*** Opening of Source data ***

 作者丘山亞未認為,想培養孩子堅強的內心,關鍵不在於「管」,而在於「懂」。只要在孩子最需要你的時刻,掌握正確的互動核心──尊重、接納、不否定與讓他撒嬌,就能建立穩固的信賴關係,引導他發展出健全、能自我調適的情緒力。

*** Close of Source data ***
*** Opening of Source data ***

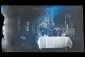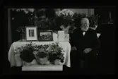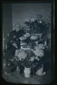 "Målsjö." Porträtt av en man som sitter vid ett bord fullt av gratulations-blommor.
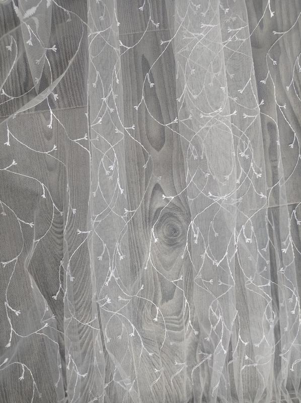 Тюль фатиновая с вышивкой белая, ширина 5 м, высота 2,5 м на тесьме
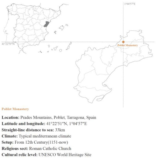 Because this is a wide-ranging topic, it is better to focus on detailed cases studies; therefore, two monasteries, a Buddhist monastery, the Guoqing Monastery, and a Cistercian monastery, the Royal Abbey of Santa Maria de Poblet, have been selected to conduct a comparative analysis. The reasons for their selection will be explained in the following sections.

*** Close of Source data ***

== Task statement ==
Repeat only the stretch of data above that runs from the line with "fullt av gratulations-blommor." to the line with "Because this is". Keep both end lines; exclude pictures.

== Result ==
 "Målsjö." Porträtt av en man som sitter vid ett bord fullt av gratulations-blommor.
 Тюль фатиновая с вышивкой белая, ширина 5 м, высота 2,5 м на тесьме
 Because this is a wide-ranging topic, it is better to focus on detailed cases studies; therefore, two monasteries, a Buddhist monastery, the Guoqing Monastery, and a Cistercian monastery, the Royal Abbey of Santa Maria de Poblet, have been selected to conduct a comparative analysis. The reasons for their selection will be explained in the following sections.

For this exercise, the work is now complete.